Capehart & Scatchard, attorneys for respondent, Federated Department Stores (Anne Hammill, on the
brief).
The opinion of the court was delivered by
PARRILLO, J.A.D.
Petitioner, Christopher (Jose) Valdez, appeals from an order of the Division of Workers'
Compensation that dismissed with prejudice his claim for workman's compensation. In dismissing the
claim, the judge held that petitioner failed to prove his injury arose out
of and in the course of his employment. Because we find the requisite
causal connection between petitioner's injury and employment, we reverse the determination below.
The pertinent facts are as follows. Petitioner began working for respondent, Tri-State Furniture
(Tri-State), approximately three months prior to the September 23, 2000 accident that resulted
in the subject injury. He was employed primarily as a "wrapper," and his
job duties in this capacity included uncrating, unwrapping, repairing, and re-wrapping furniture. As
a wrapper, petitioner was not required to operate a forklift.

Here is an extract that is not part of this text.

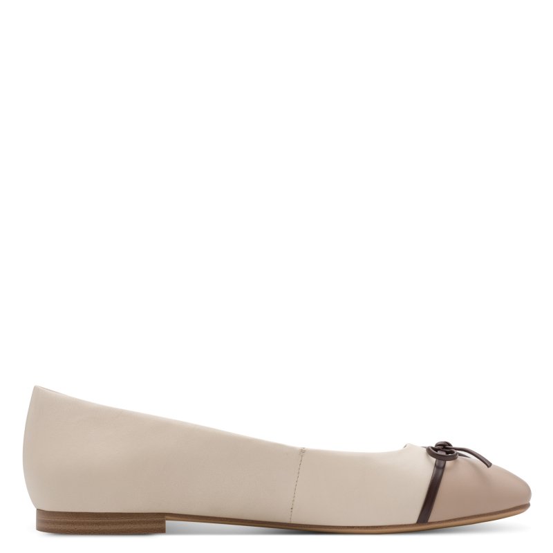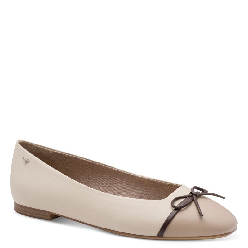 Meget smuk ballerina sko fra Tamaris, i de flotteste lyse kombinationer, med en mørkebrun skindsløjfe fortil. Passer perfekt til både lyst tøj, og mørkt samt mørkebrun.

At the time of the accident, Tri-State was under contract with Federated Department
Stores (Federated) to repair and service furniture, which was sold in Federated's department
stores. Tri-State, Federated, and a third company, R and M Retail and Manufacturers
(R & M), all had their own workspace within the same warehouse. The
warehouse was about 300,000 square feet. Tri-State occupied 10,000 square feet in the
front, center area of the building. Its workspace was partly divided from the
rest of the building by a firewall, but the warehouse was largely open
space. Several forklifts, parked approximately 250 feet away from Tri-State's area, were used
primarily by Federated and R & M employees to pick up supplies and
carts. These forklifts were not used for moving furniture. Instead, furniture was picked
up at the back of the warehouse by machines known as cherry-pickers, which
were not operated by Tri-State employees, placed on furniture racks, and eventually transported
into Tri-State's area through a pulley system.
On Saturday, September 23, 2000, petitioner was working overtime, helping Tri-State's supervisor of
major repairs, Ronnie Montero, construct an office within Tri-State's work space. Petitioner had
been working overtime with Montero, his immediate supervisor, for several days, and by
that Saturday, the office was nearly 50 percent completed. That particular day, petitioner
arrived for work at his normal hour, six or seven a.m., and began
performing his regular job duties. In the middle of the day, he joined
Montero to work on the office. Their specific tasks included hanging sheetrock on
the inside of the office, making holes for the windows, and routing the
running wires. Most of the sheetrock was located within feet of the office,
but an additional supply was located 150 meters away. George Martinez, the operations
manager, wanted Montero and petitioner to finish the work quickly. By 3:30 that
afternoon, Montero and petitioner were the only two Tri-State employees left in the
warehouse. Even Martinez had left. By four p.m., the warehouse was shut down,
leaving only petitioner, Montero, and a few maintenance workers.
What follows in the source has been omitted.